Here's C. E. B. Cranfield, commenting on Romans 7:25:

_...it sums up, with clear-sighted honesty - an honesty which is thoroughly consonant both with the urgency of the longing for final deliverance expressed v. 24 and also with the confidence that God will surely accomplish that deliverance in His good time reflected in v. 25a - the tension, with all its real anguish and also all its real hopefulness, in which the Christian never ceases to be involved so long as he is living this present life. To read into this sentence any suggestion of a complacent acceptance on the part of the Christian of his continued sinfulness would be quite unfair. For - not to mention the evidence of moral earnestness contained in v. 24 - the words...express clearly enough the Christian's engagement, in the very depths of his personality as one who is being renewed by God's Spirit to God's holy law, his sense of being altogether bound to it. And it is fully congruous with this deep sense of commitment to God's will that this conclusion does not cloak the painful fact of continuing sinfulness, but goes on to acknowledge frankly that the Christian, so long as he remains in this present life, remains in a real sense a slave of sin...since he still has a fallen nature..._ (From his two-volume commentary on Romans: 1:369-370.)


----------



## Semper Fidelis

Thanks Richard. After I posted, I realized I ought to have noted the fact that only the redeemed feel, acutely, the sting of conscience that they "...do the things they do not want to do and do not do the things they want to do...."

The struggle is a sign of _life_. It's not an excuse to just resign ourselves to sin but we ought to recognize that only the _living_ are aware of their sin in the acute way that Paul is describing.

Now, an objector might point out that even Jews and Roman Catholics feel guilty for their sin and do things they say they don't want to do. The difference is the solution: 

- Man-made religion looks to the self and greater effort and promises that they will, next time, do and obey better. They might not have perfect righteousness yet but they're getting there.

- The Gospel, however, points to Christ as our deliverance. In it, we recognize that our sin is so obvious because we see the full weight of the Law which would only pronounce a curse on us but that Christ has become a curse for us.

Thus, the difference is that the unbeliever might feel shame but it is not the depth of shame because it doesn't touch on the depth of the Law. The believer has eyes to see the depth of the Law and the Gospel that announces to us again our Righteousness.


----------



## Sydnorphyn

see Doug Moo's commentary on Romans.
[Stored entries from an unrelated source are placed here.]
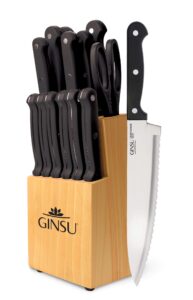 Ginsu Kiso 14-Piece Black Knife Set with Natural Block – Dishwasher Safe and Always Sharp
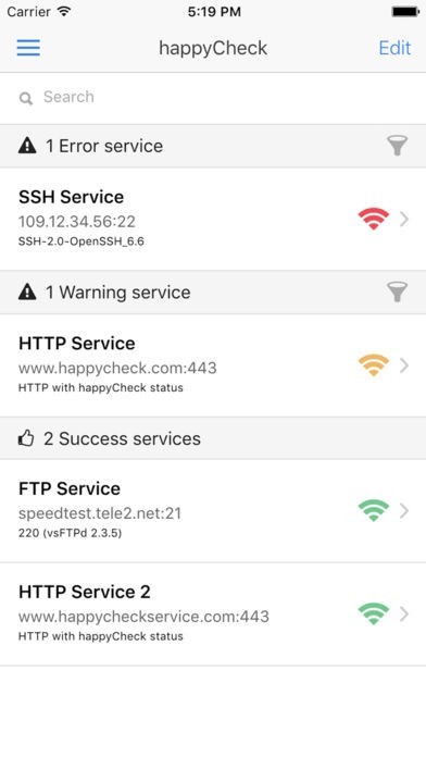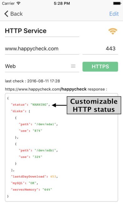 App Storeより引用With happyCheck, you can check your HTTP services, FTP, SSH ...
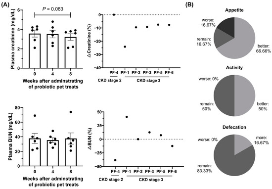Chicago/Turabian StyleTsai, Ching-Wen, Hsiao-Wen Huang, Ya-Jane Lee, and Ming-Ju Chen. 2024. "Investigating the Efficacy of Kidney-Protective Lactobacillus Mixture-Containing Pet Treats in Feline Chronic Kidney Disease and Its Possible Mechanism" Animals 14, no. 4: 630. https://doi.org/10.3390/ani14040630
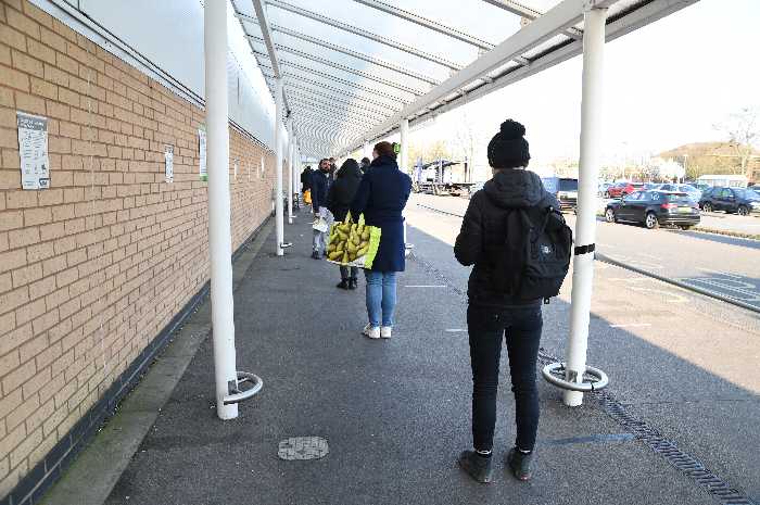 3/27 ロンドンのスーパーASDA。買占め防止ではなく店内での混雑を避けるため、人と人の距離が2mになるよう入場制限しています。待っている人たちも前後に2m空けるように並んでいます。品物は豊富にあります。
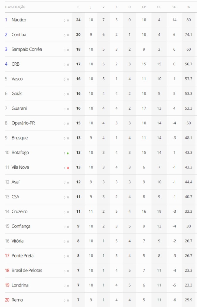 Terminada a 10ª rodada do Brasileiro da Série B, o Vasco, que derrotou o Sampaio Corrêa por 1 a 0, subiu do 6º para o 5º lugar na classificação.
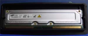 本站的小D曾在“行情快递:珍稀动物——单卖的Rambus内存”一文中向大家介绍过在硅谷见到了单卖的Rambus内存。今天我在中海的201#也见到了单独出售的Rambus内存,与小D见到的Rambus(蓝色外包散热片)不同,我见到的Rambus的外包散热片是白色的,参考下面的照片:
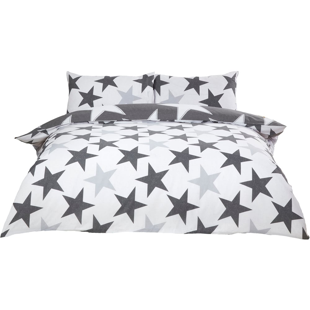 Upgrade your space with the Rapport Home All Stars Single Grey  Duvet Cover Set. The set showcases a captivating pattern of scattered stars on its front, complemented by a smaller repeated star design on its reverse. The contrasting background shade adds an extra touch of style, making this design fully reversible. This eye-catching printed bedding is bound to appeal to individuals of all ages. The set includes one duvet cover measuring 135 x 200cm and a matching pillowcase measuring 50 x 75cm each. It is equipped with a convenient popper closing mechanism.
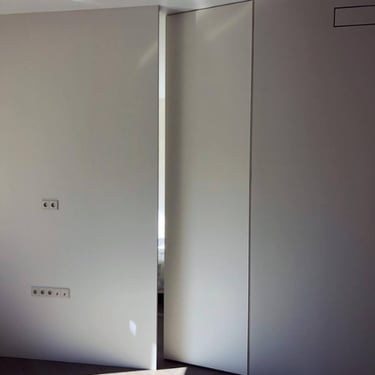 Zlicowanie ze ścianą: brak widocznych opasek i ukryta ościeżnica tworzą idealnie gładką powierzchnię.
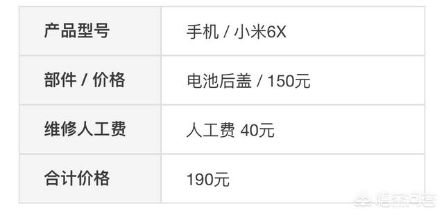 为了验证这个问题,我们可以通过如下思路来解决,通过查看几组小米手机的后盖维修价格,来分析一下。我们拿三款手机进行对比,一款是小米6X,一款是小米8se,一款是红米note7。在官网中,查询到小米6x后壳材质为全金属,而小米8se和红米note7后壳材质为2.5D康宁大猩猩第五代玻璃。

He understands the passage as describing an unbeliever.
JSO


----------



## Reformed Covenanter

If you are looking for those who argue that it refers to an unbeliever (which I think is nonsense), you could consult:

D. Martyn Lloyd Jones on Romans 7

Robert L. Reymond _A New Systematic Theology of the Christian Faith_

Hermann Ridderbos _Paul: An Outline of his Theology_


----------



## Denton Elliott

Romans 7 is Paul's defense that the Law is only good in showing us that we are sinners in that we have not kept the Law. It also is a treatise of the residual sinful flesh of a believer. It in no way however condones the sins of a believer. A believer should strive not to sin out of gratitude to Jesus' suffering and death and God's kindness to provide a payment for the believers' sin debt.


----------



## jawyman

http://www.1-word.com/commentary/Romans.pdf

Very useful. I hope it helps.


----------



## greenbaggins

I highly recommend Cranfield's commentary on this passage. He lays out all the arguments for each position, takes the view that Paul is talking about a believer, and answers all the objections. Extremely clear (though a bit technical). Good to see Richard quoting him.


----------



## BobVigneault

*THE CHRISTIAN IN ROMANS 7*

_Arthur W. Pink_

In this chapter the apostle does two things:

First, he shows what is not and what is the Law’s relation to the believer—judicially, the believer is emancipated from the curse or penalty of the Law (7:1-6); morally, the believer is under bonds to obey the Law (vv. 22, 25). Secondly, he guards against a false inference being drawn from what he had taught in chapter 6. In 6:1-11 he sets forth the believer’s identification with Christ as “dead to sin.” (vv. 2, 7, etc.) Then, from verse 11 onwards, he shows the effect this truth should have upon the believer’s walk. In chapter 7 he follows the same order of thought. In 7:1-6 he treats of the believer’s identification with Christ as “dead to the law” (see vv. 4, 6). Then, from verse 7 onwards he describes the experiences of the Christian. Thus the first half of Romans 6 and the first half of Romans 7 deal with the believer’s standing, whereas the second half of each chapter treats of the believer’s state; but with this difference: the second half of Romans 6 reveals what our state ought to be, whereas the second half of Romans 7 (vv. 13-25) shows what our state actually is.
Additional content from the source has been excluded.